[PATCH] xfrm: Add pre-encap fragmentation for packet offload

Ilia Lin posted 1 patch 1 year, 2 months ago
net/ipv4/xfrm4_output.c | 31 +++++++++++++++++++++++++++++--
net/ipv6/xfrm6_output.c |  8 ++++++--
2 files changed, 35 insertions(+), 4 deletions(-)

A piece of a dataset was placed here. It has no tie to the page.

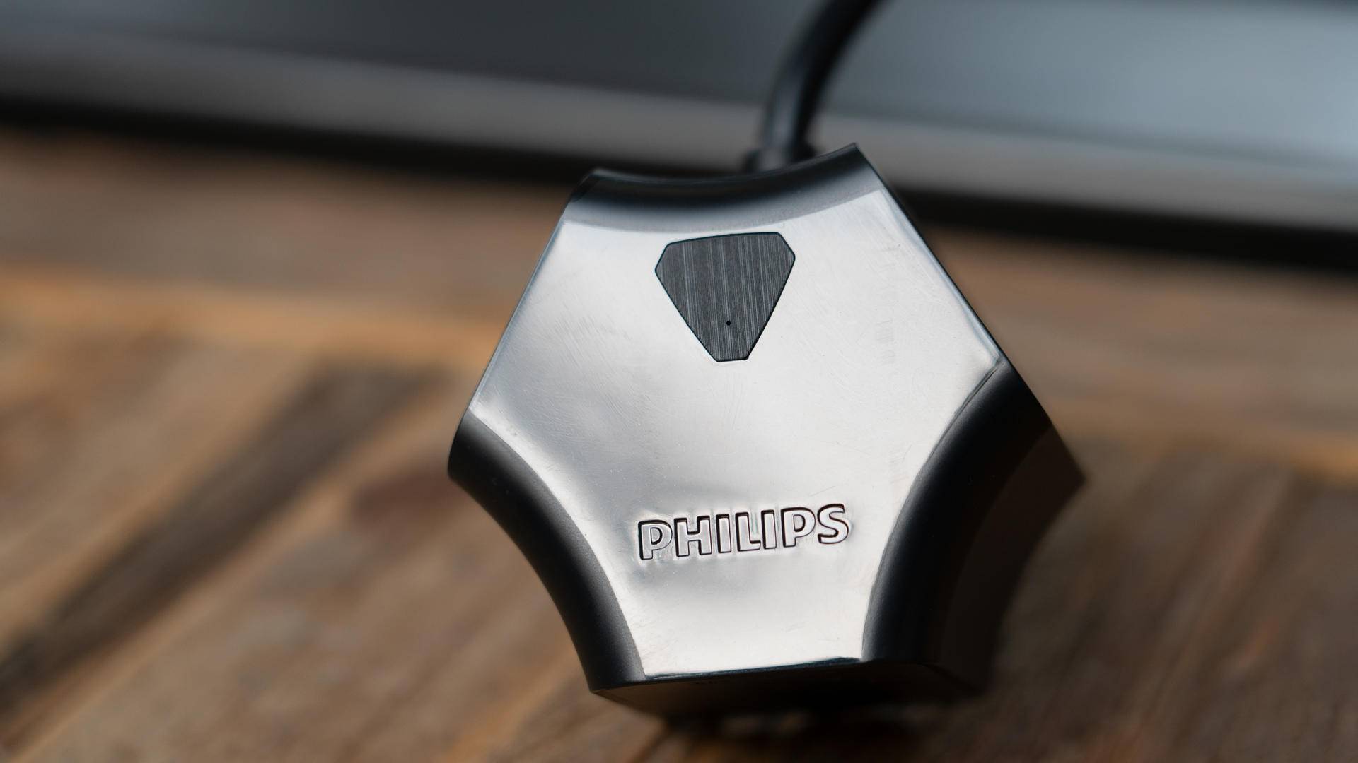 顶部是飞利浦的英文LOGO和微动结构的开关,并配有LED状态指示灯。

[PATCH] xfrm: Add pre-encap fragmentation for packet offload
Posted by Ilia Lin 1 year, 2 months ago
In packet offload mode the raw packets will be sent to the NiC,
and will not return to the Network Stack. In event of crossing
the MTU size after the encapsulation, the NiC HW may not be
able to fragment the final packet.
Adding mandatory pre-encapsulation fragmentation for both
IPv4 and IPv6, if tunnel mode with packet offload is configured
on the state.

Signed-off-by: Ilia Lin <ilia.lin@kernel.org>
---
 net/ipv4/xfrm4_output.c | 31 +++++++++++++++++++++++++++++--
 net/ipv6/xfrm6_output.c |  8 ++++++--
 2 files changed, 35 insertions(+), 4 deletions(-)

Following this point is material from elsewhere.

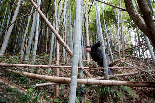 この日は、まだ地面から顔を出す前のタケノコの探し方を

diff --git a/net/ipv4/xfrm4_output.c b/net/ipv4/xfrm4_output.c
index 3cff51ba72bb0..a4271e0dd51bb 100644
--- a/net/ipv4/xfrm4_output.c
+++ b/net/ipv4/xfrm4_output.c
@@ -14,17 +14,44 @@
 #include <net/xfrm.h>
 #include <net/icmp.h>
 
+static int __xfrm4_output_finish(struct net *net, struct sock *sk, struct sk_buff *skb)
+{
+	return xfrm_output(sk, skb);
+}
+
 static int __xfrm4_output(struct net *net, struct sock *sk, struct sk_buff *skb)
 {
-#ifdef CONFIG_NETFILTER
-	struct xfrm_state *x = skb_dst(skb)->xfrm;
+	struct dst_entry *dst = skb_dst(skb);
+	struct xfrm_state *x = dst->xfrm;
+	unsigned int mtu;
+	bool toobig;
 
+#ifdef CONFIG_NETFILTER
 	if (!x) {
 		IPCB(skb)->flags |= IPSKB_REROUTED;
 		return dst_output(net, sk, skb);
 	}
 #endif
 
+	if (x->props.mode != XFRM_MODE_TUNNEL || x->xso.type != XFRM_DEV_OFFLOAD_PACKET)
+		goto skip_frag;
+
+	mtu = xfrm_state_mtu(x, dst_mtu(skb_dst(skb)));
+
+	toobig = skb->len > mtu && !skb_is_gso(skb);
+
+	if (!skb->ignore_df && toobig && skb->sk) {
+		xfrm_local_error(skb, mtu);
+		kfree_skb(skb);
+		return -EMSGSIZE;
+	}
+
+	if (toobig) {
+		IPCB(skb)->frag_max_size = mtu;
+		return ip_do_fragment(net, sk, skb, __xfrm4_output_finish);
+	}
+
+skip_frag:
 	return xfrm_output(sk, skb);
 }
 
diff --git a/net/ipv6/xfrm6_output.c b/net/ipv6/xfrm6_output.c
index 5f7b1fdbffe62..fdd2f2f5adc71 100644
--- a/net/ipv6/xfrm6_output.c
+++ b/net/ipv6/xfrm6_output.c
@@ -75,10 +75,14 @@ static int __xfrm6_output(struct net *net, struct sock *sk, struct sk_buff *skb)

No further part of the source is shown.